La académica de número examina los problemas que afectan la democracia chilena en su columna de El Mercurio.
Muchos países llegan al nivel de desarrollo actual de Chile, llamado de los “ingresos medios”, y quedan atrapados en su trampa. Y son muy pocas las naciones que logran construir sociedades seguras, prósperas e inclusivas, donde la población pueda satisfacer adecuadamente sus necesidades básicas. Un requisito indispensable para evitar el estancamiento es que exista una adhesión mayoritaria a ciertas materias decisivas, relacionadas con la organización del conflicto y la cooperación, y muy especialmente respecto de los métodos, prácticas, instituciones y procedimientos que el conjunto de la sociedad legitima para resolver las discrepancias, demarcando el grado de disenso permisible en una democracia.

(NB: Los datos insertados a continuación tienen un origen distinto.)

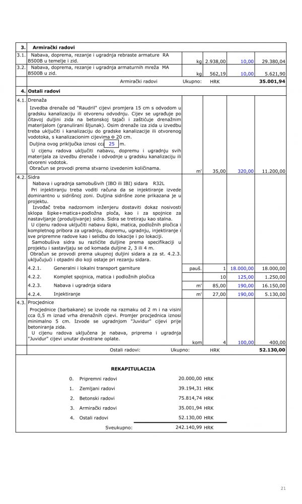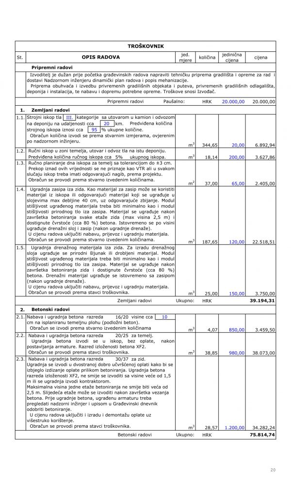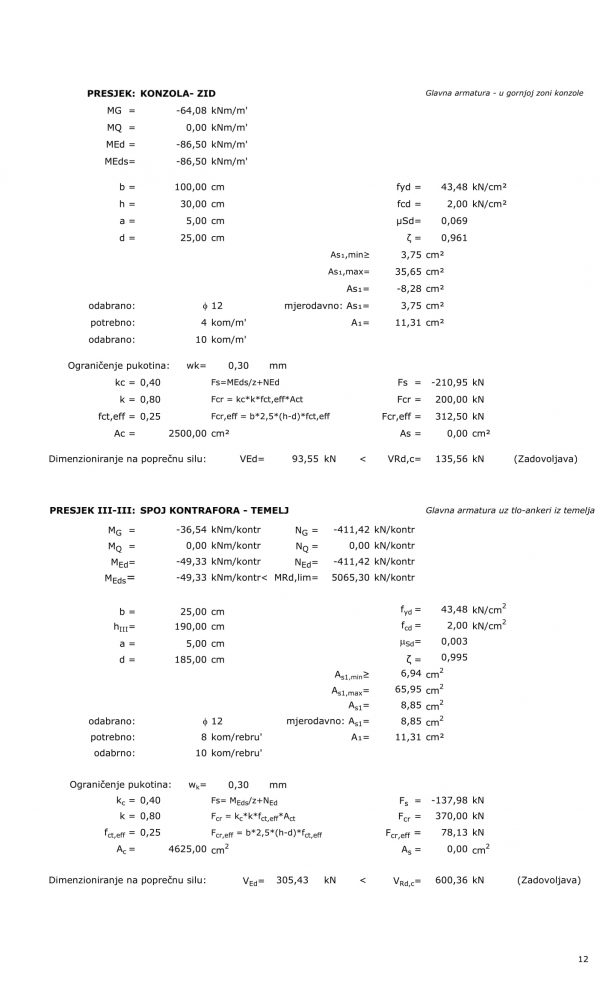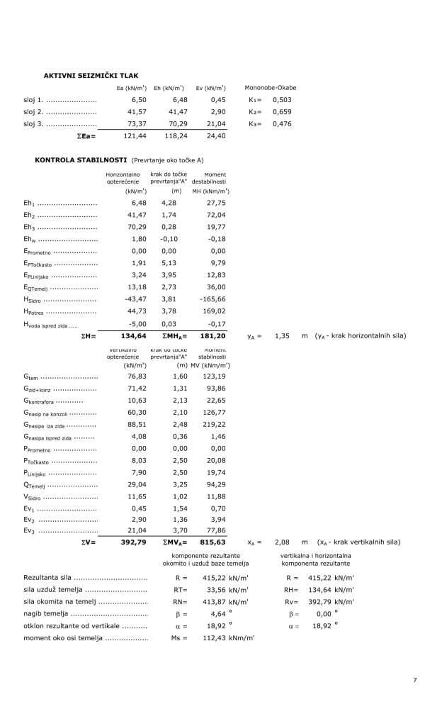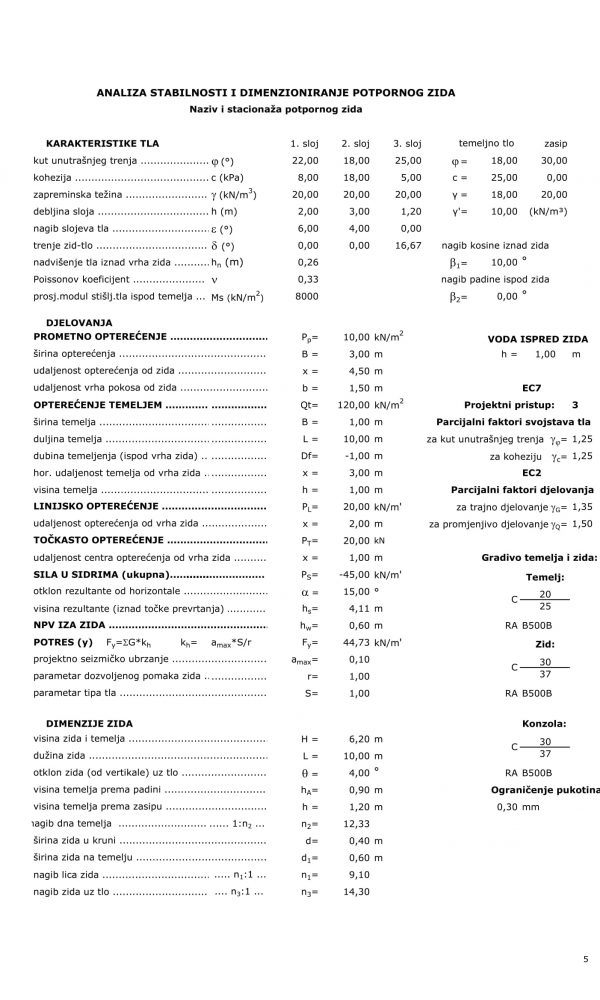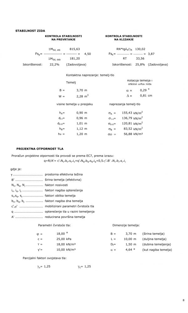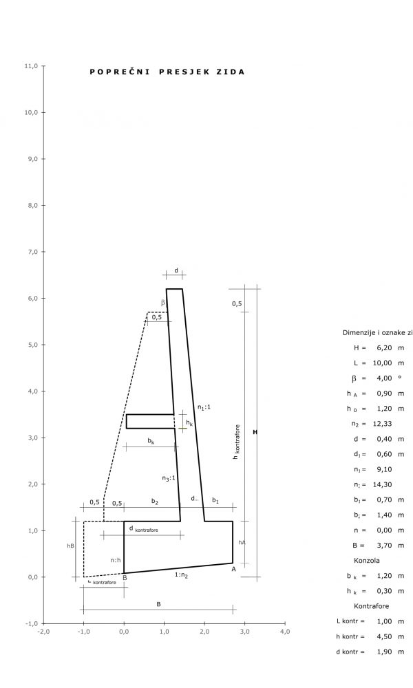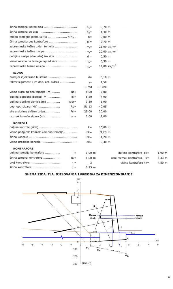 Analize stabilnosti i dimenzioniranja za projektirani Potporni Zid

Los obstáculos para alcanzar la meta del desarrollo y consolidar la democracia son múltiples, pero hay uno que es de la máxima relevancia. Este se refiere precisamente a la falta de conciencia respecto de cuál es el grado de conflictividad permisible en el juego democrático. Se está produciendo una creciente brecha entre, por una parte, una población claramente moderada, reacia a la agudización de las divergencias y partidaria de los grandes acuerdos, y, por la otra, una élite ideológicamente polarizada que se rehúsa a alcanzar un entendimiento mínimo para realizar las reformas necesarias para el progreso.
La moderación de la población ha quedado reflejada no solo en los últimos estudios de opinión, sino especialmente en el rechazo a los dos proyectos constitucionales, en los cuales primó la confrontación por sobre la búsqueda de una verdadera cooperación basada en consensos mínimos.